[Opening Recorded information section]
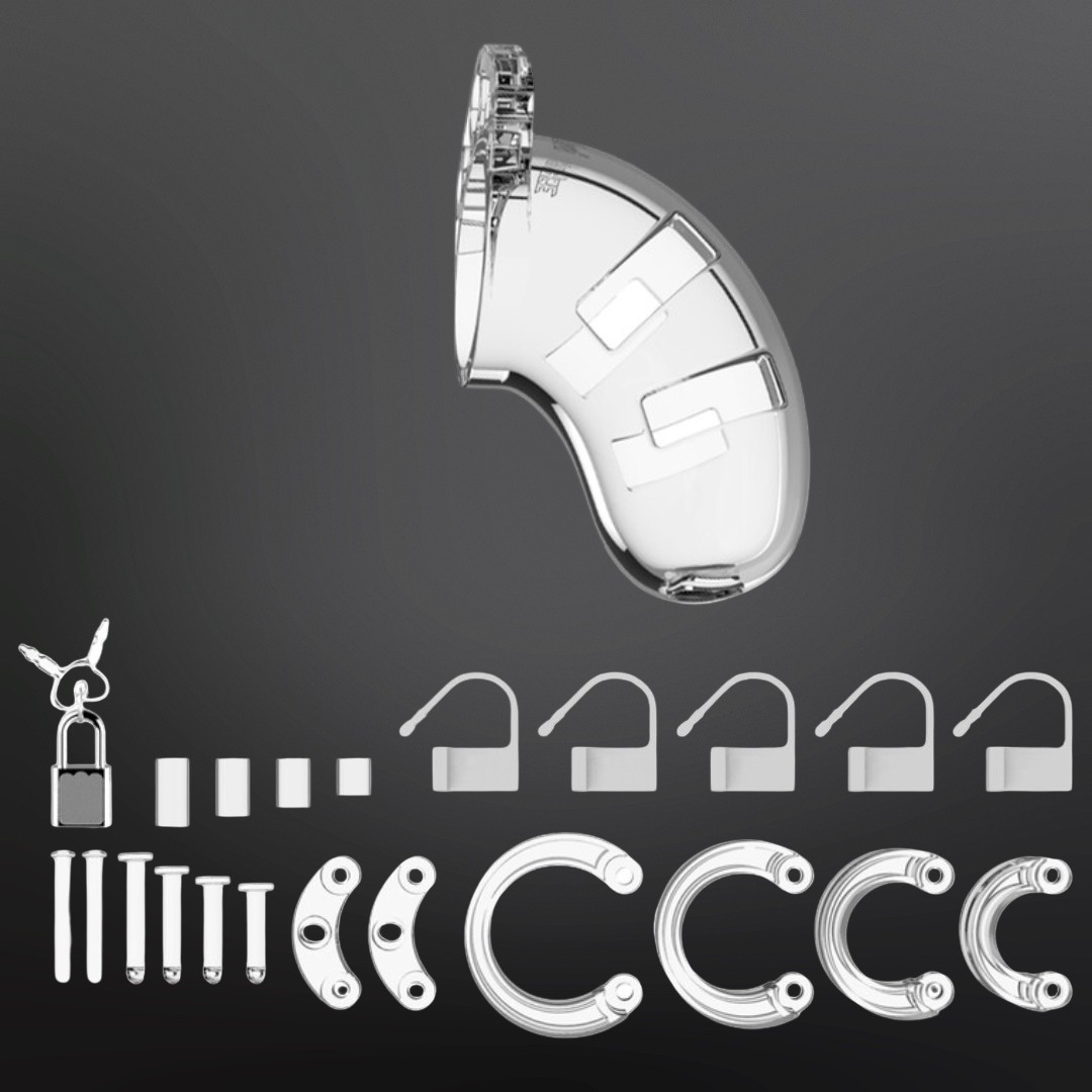 Moulée en polycarbonate rigide, la cage ne se déforme pas et maintient la queue strictement contenue. Les pièces s’emboîtent autour de l’anneau choisi grâce à un jeu d’entretoises permettant un ajustement précis. Une large ouverture frontale facilite l’urination directe, tandis que les fentes latérales assurent une ventilation permanente et un nettoyage simplifié sans démontage. Le système permet un verrouillage rapide et fiable, adapté aux scénarios de port discret, de domination ou de discipline longue durée.
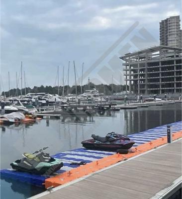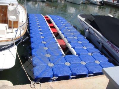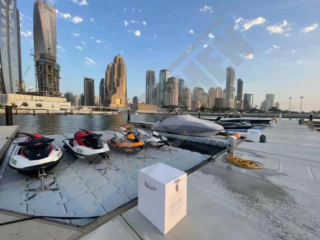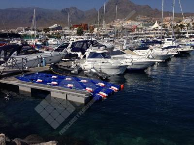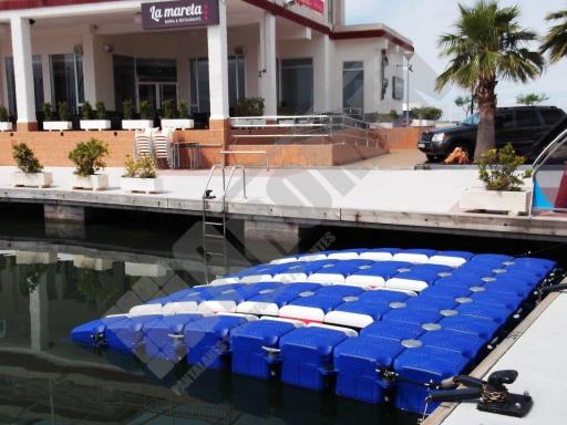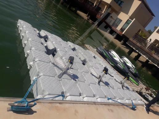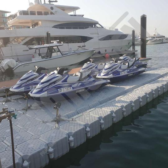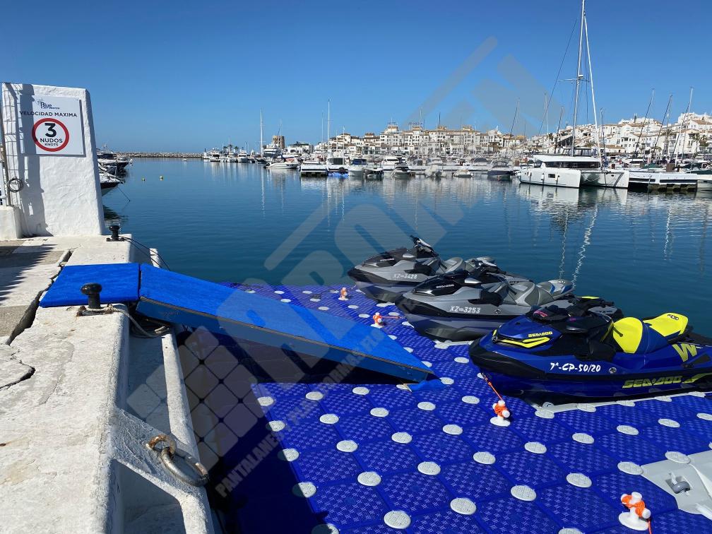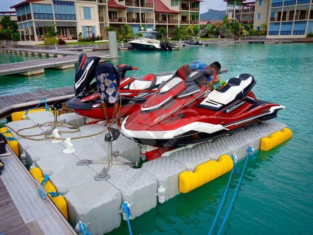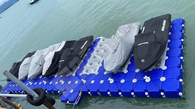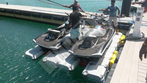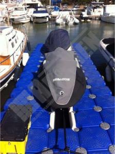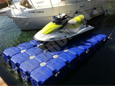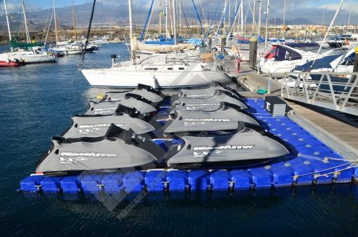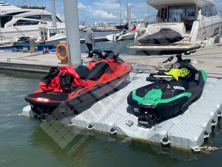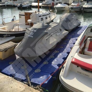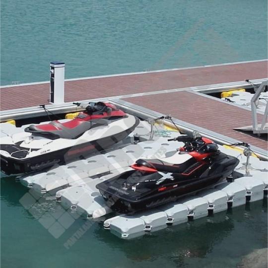Imágenes de puertos secos para motos de agua o jet ski para una o varias unidades, con diferentes configuraciones para diversos espacios o usos. Este tipo de plataformas flotantes, llevan un tipo de cubos más bajos que se utilizan como rampas de acceso y entrada para las motos de agua.
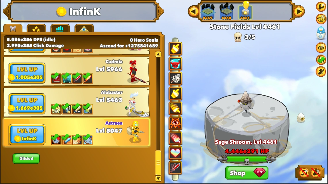 Не забывайте также повышать уровень навыков своих героев, хотя вы можете сделать это в соответствии со своим стилем игры (если вы проводите больше времени в бездействии, чем на щелчках, вы можете не захотеть покупать бонусы, которые увеличивают силу ваших кликов. , по крайней мере, сначала).
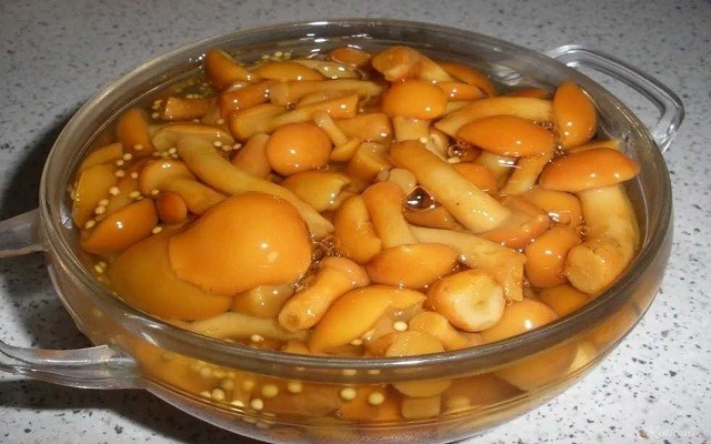 3. В готовый маринад добавляют отваренные грибы и уксус, после чего варят еще 15 минут. В стерилизованные банки закладывают специи, а затем плотно заполняют их горячими грибами и заливают маринадом. Закрывают крышками и оставляют остывать до следующего дня.
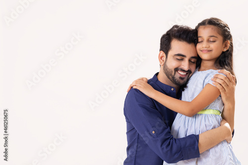 father, daughter, indian, happy, embracing, two together, loving, caring, affection, cheerful, copy space, enjoyment, togetherness, family, satisfied, modern, lifestyle, well-dressed, fashionable, blue shirt, frock, expressive, hugs, warmth, exhilaration, excited, guardian, protective, fulfillment, enthusiastic, girl, eyes closed, real people, white background, half face, adult, children, asian, horizontal, half-length, studio
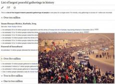 وكيبيديا: زيارة الأربعين في كانون الأول 2013 اكبر التجمعات السلمية في التاريخ
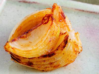 新たまねぎは6等分のくし形に切り、かたくり粉適量を表面にまぶす。
[Closing Recorded information section]
## Your goal:
With the pictures dropped, give every entry above again exactly.

## Output of the task:
 Moulée en polycarbonate rigide, la cage ne se déforme pas et maintient la queue strictement contenue. Les pièces s’emboîtent autour de l’anneau choisi grâce à un jeu d’entretoises permettant un ajustement précis. Une large ouverture frontale facilite l’urination directe, tandis que les fentes latérales assurent une ventilation permanente et un nettoyage simplifié sans démontage. Le système permet un verrouillage rapide et fiable, adapté aux scénarios de port discret, de domination ou de discipline longue durée.
Imágenes de puertos secos para motos de agua o jet ski para una o varias unidades, con diferentes configuraciones para diversos espacios o usos. Este tipo de plataformas flotantes, llevan un tipo de cubos más bajos que se utilizan como rampas de acceso y entrada para las motos de agua.
 Не забывайте также повышать уровень навыков своих героев, хотя вы можете сделать это в соответствии со своим стилем игры (если вы проводите больше времени в бездействии, чем на щелчках, вы можете не захотеть покупать бонусы, которые увеличивают силу ваших кликов. , по крайней мере, сначала).
 3. В готовый маринад добавляют отваренные грибы и уксус, после чего варят еще 15 минут. В стерилизованные банки закладывают специи, а затем плотно заполняют их горячими грибами и заливают маринадом. Закрывают крышками и оставляют остывать до следующего дня.
 father, daughter, indian, happy, embracing, two together, loving, caring, affection, cheerful, copy space, enjoyment, togetherness, family, satisfied, modern, lifestyle, well-dressed, fashionable, blue shirt, frock, expressive, hugs, warmth, exhilaration, excited, guardian, protective, fulfillment, enthusiastic, girl, eyes closed, real people, white background, half face, adult, children, asian, horizontal, half-length, studio
 وكيبيديا: زيارة الأربعين في كانون الأول 2013 اكبر التجمعات السلمية في التاريخ
 新たまねぎは6等分のくし形に切り、かたくり粉適量を表面にまぶす。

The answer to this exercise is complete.